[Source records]
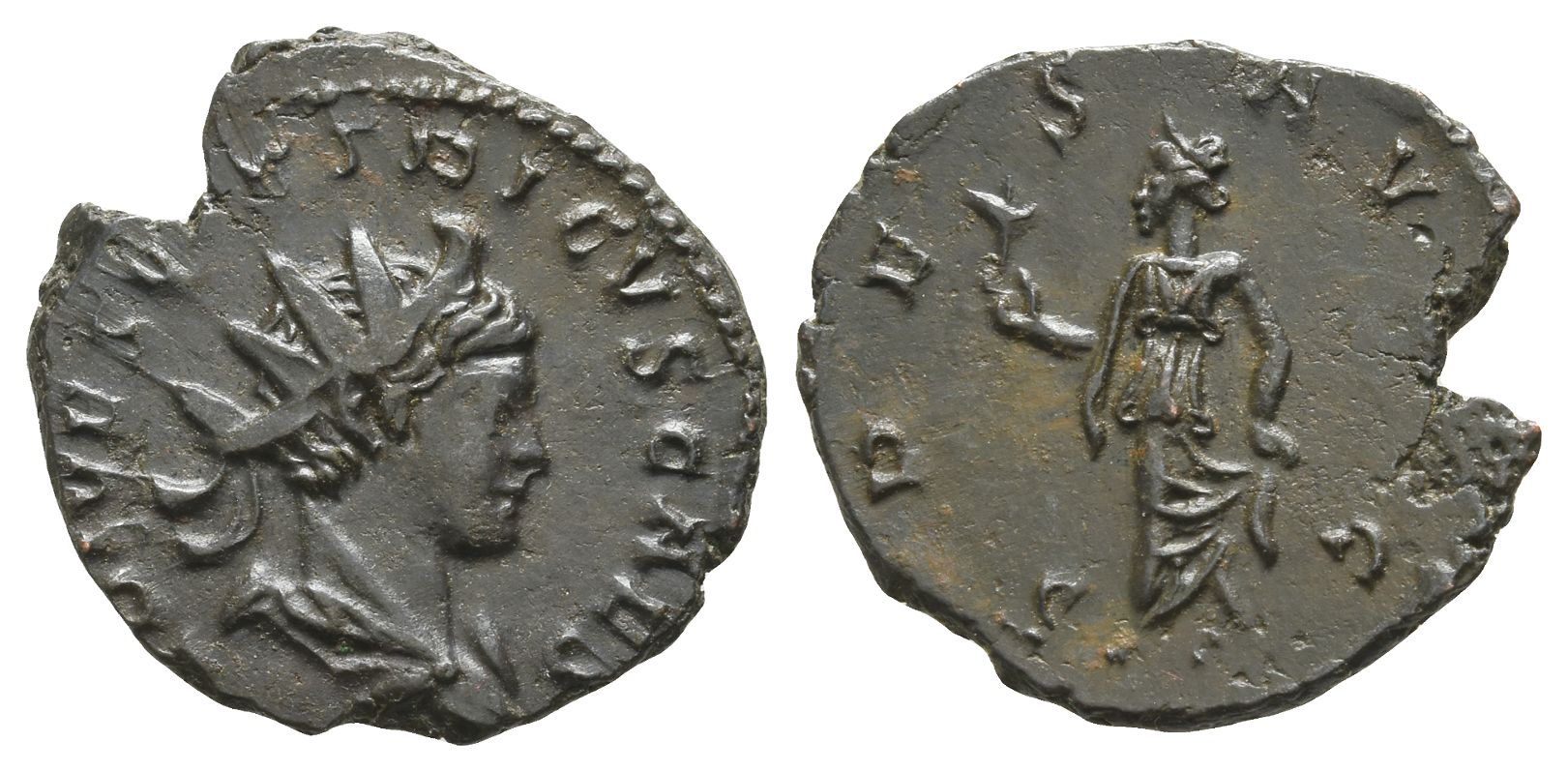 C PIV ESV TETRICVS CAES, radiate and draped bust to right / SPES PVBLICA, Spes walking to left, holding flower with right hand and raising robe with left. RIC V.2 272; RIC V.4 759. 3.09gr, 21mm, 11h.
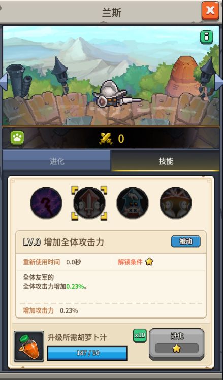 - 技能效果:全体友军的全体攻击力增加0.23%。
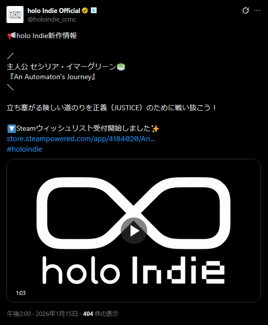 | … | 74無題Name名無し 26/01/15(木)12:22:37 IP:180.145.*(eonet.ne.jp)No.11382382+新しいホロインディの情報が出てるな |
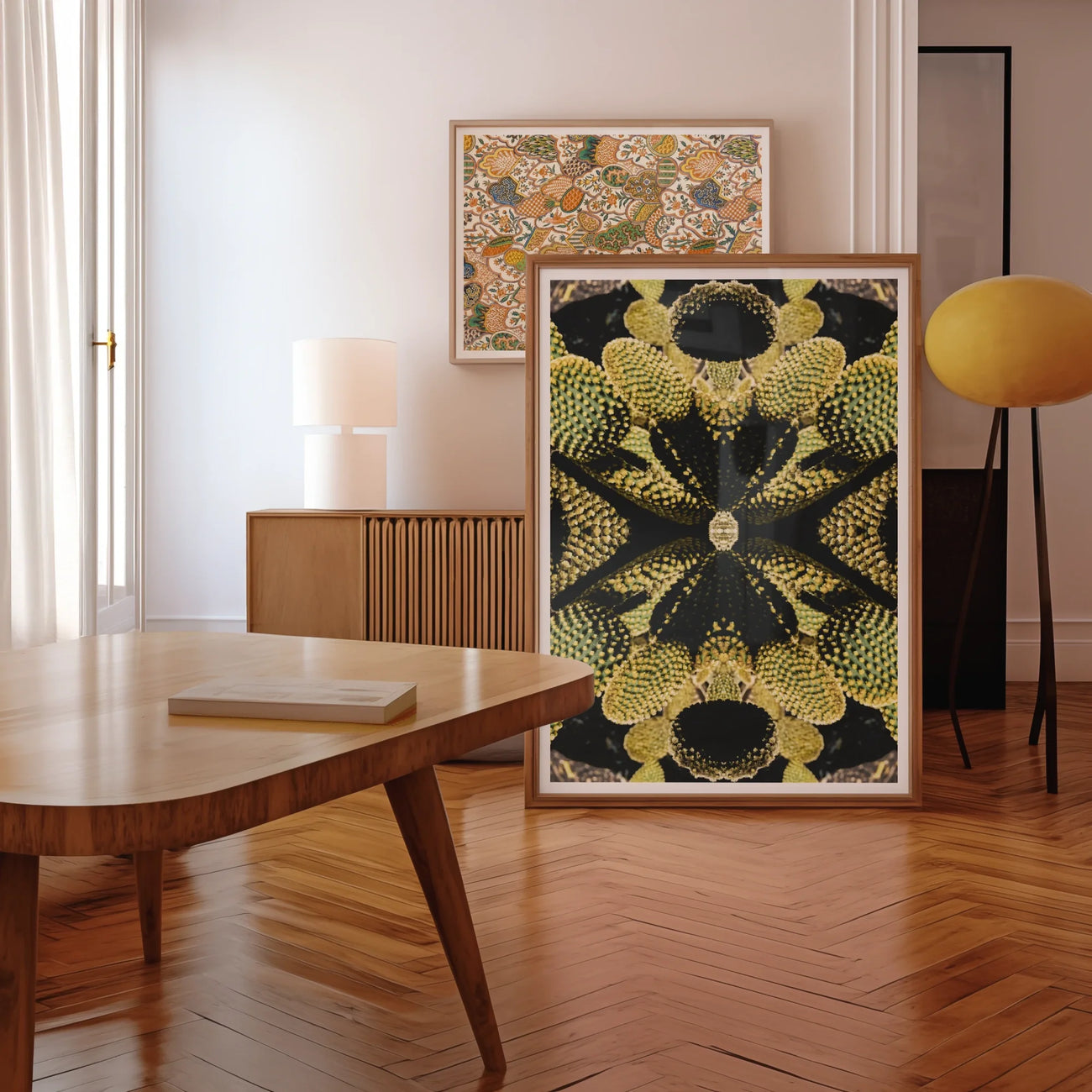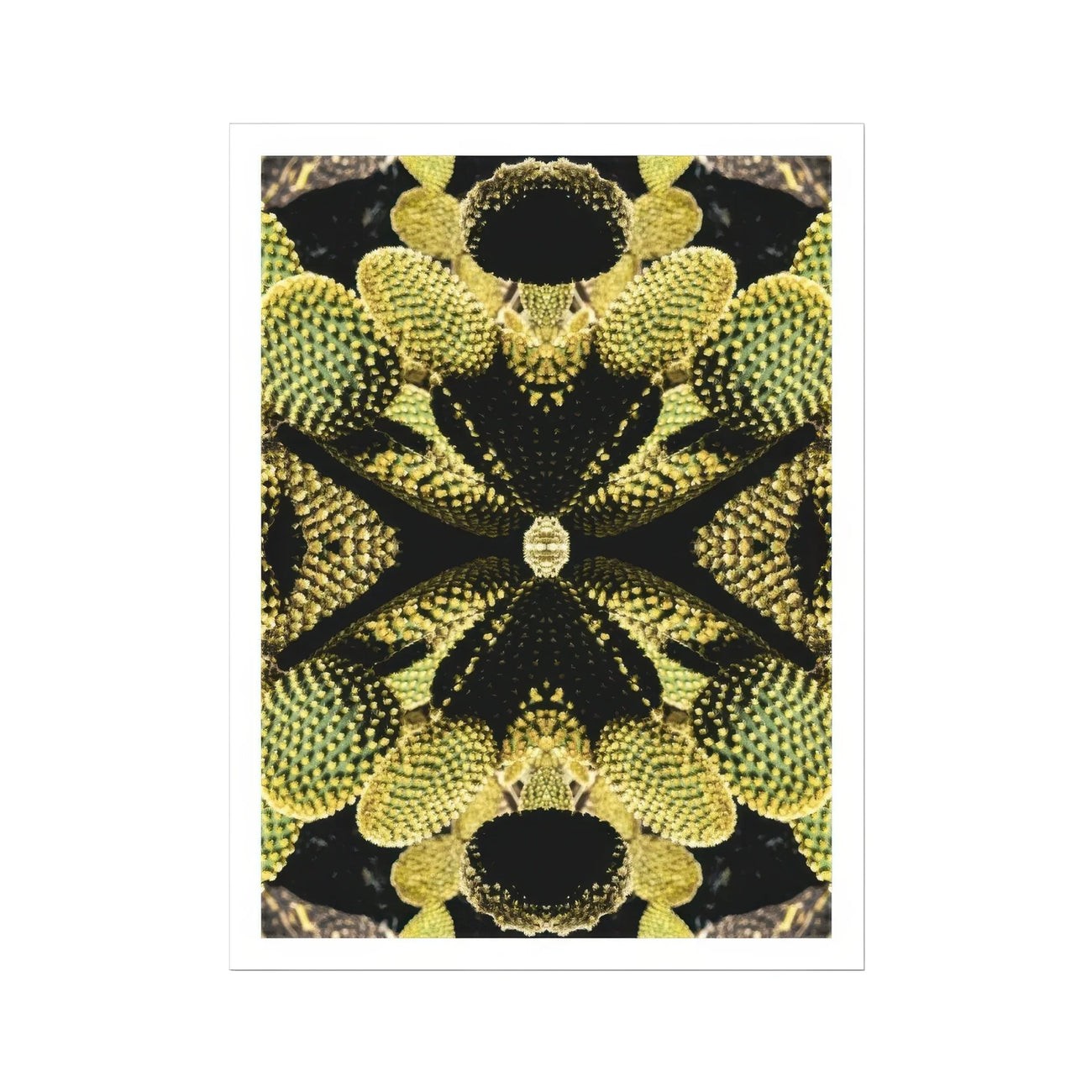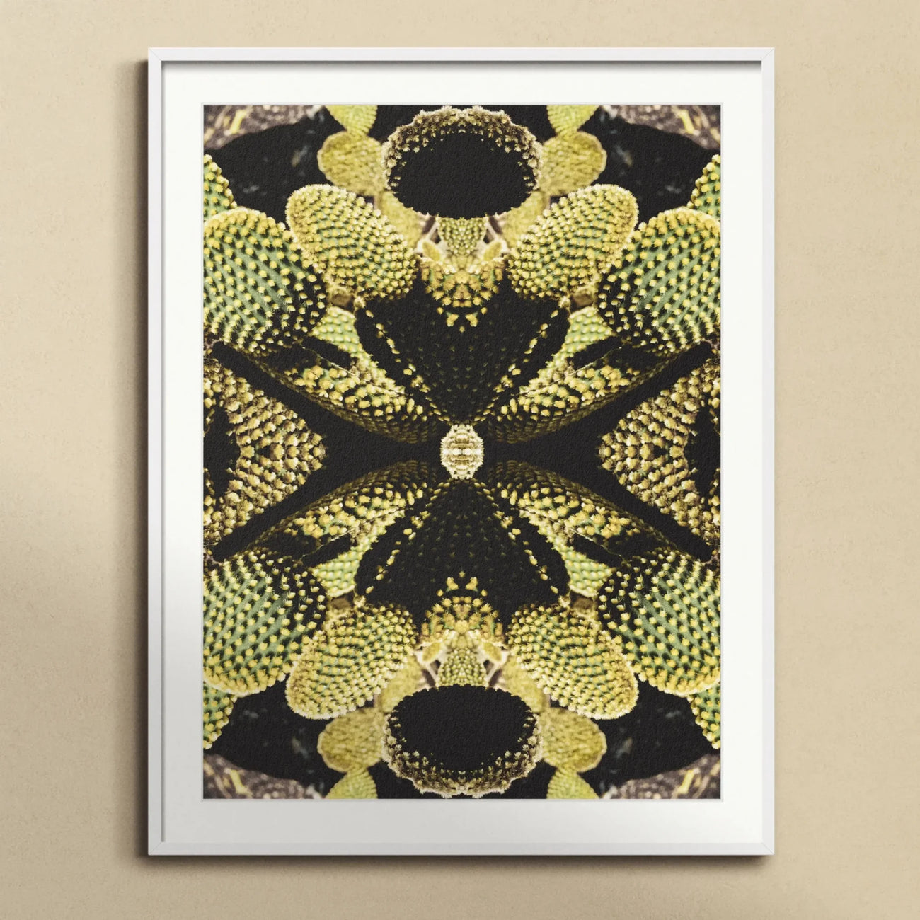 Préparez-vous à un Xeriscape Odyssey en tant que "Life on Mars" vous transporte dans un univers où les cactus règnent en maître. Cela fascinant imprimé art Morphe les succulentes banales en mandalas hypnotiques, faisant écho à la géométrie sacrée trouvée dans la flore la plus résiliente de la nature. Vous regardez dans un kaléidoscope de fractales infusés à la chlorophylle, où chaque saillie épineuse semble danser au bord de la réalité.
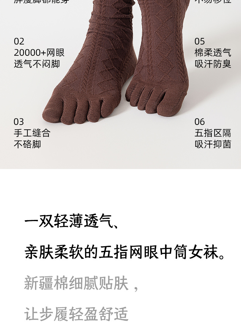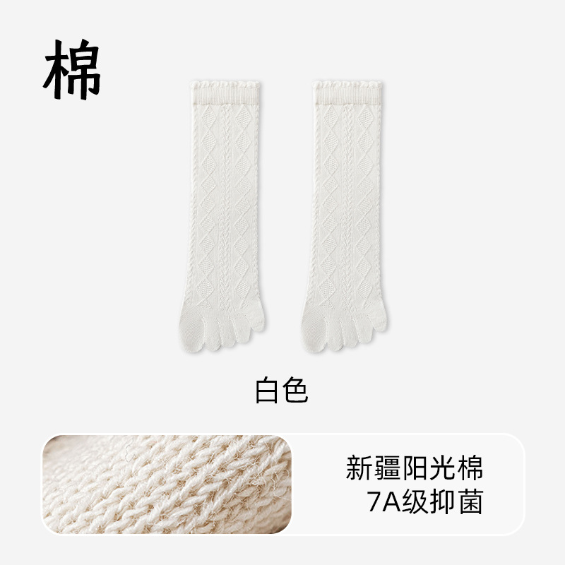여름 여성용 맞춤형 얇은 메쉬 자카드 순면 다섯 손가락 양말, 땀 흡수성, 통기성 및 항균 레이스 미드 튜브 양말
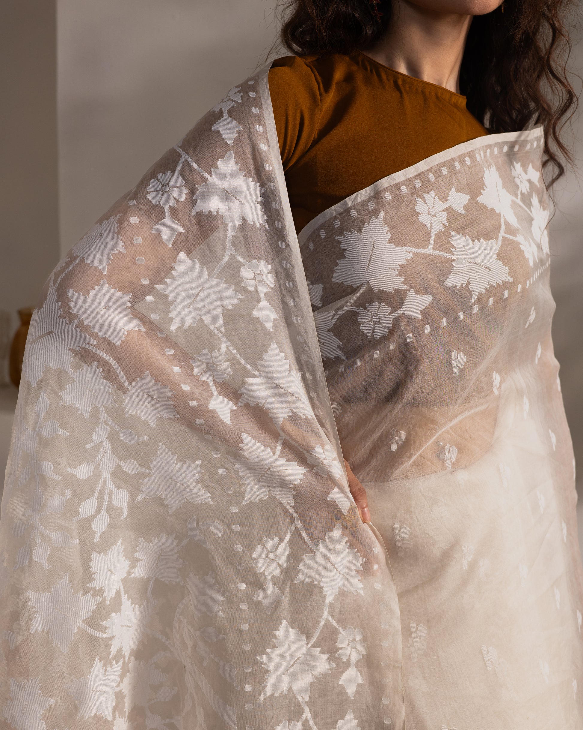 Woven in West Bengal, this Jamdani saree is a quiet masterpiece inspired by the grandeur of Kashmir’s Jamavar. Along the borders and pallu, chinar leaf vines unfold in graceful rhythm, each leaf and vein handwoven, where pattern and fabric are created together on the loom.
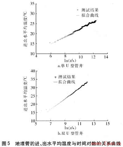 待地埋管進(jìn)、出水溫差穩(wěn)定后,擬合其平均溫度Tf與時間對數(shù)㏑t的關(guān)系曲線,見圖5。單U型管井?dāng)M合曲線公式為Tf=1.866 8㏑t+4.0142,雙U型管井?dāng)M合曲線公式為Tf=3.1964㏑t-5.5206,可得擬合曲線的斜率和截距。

Work to be completed: Using the records above, print exactly the run of lines that starts with the line with "Préparez-vous à un" and goes on through the line with "여름 여성용 맞춤형 얇은", pictures excluded.

Worked solution:
 Préparez-vous à un Xeriscape Odyssey en tant que "Life on Mars" vous transporte dans un univers où les cactus règnent en maître. Cela fascinant imprimé art Morphe les succulentes banales en mandalas hypnotiques, faisant écho à la géométrie sacrée trouvée dans la flore la plus résiliente de la nature. Vous regardez dans un kaléidoscope de fractales infusés à la chlorophylle, où chaque saillie épineuse semble danser au bord de la réalité.
여름 여성용 맞춤형 얇은 메쉬 자카드 순면 다섯 손가락 양말, 땀 흡수성, 통기성 및 항균 레이스 미드 튜브 양말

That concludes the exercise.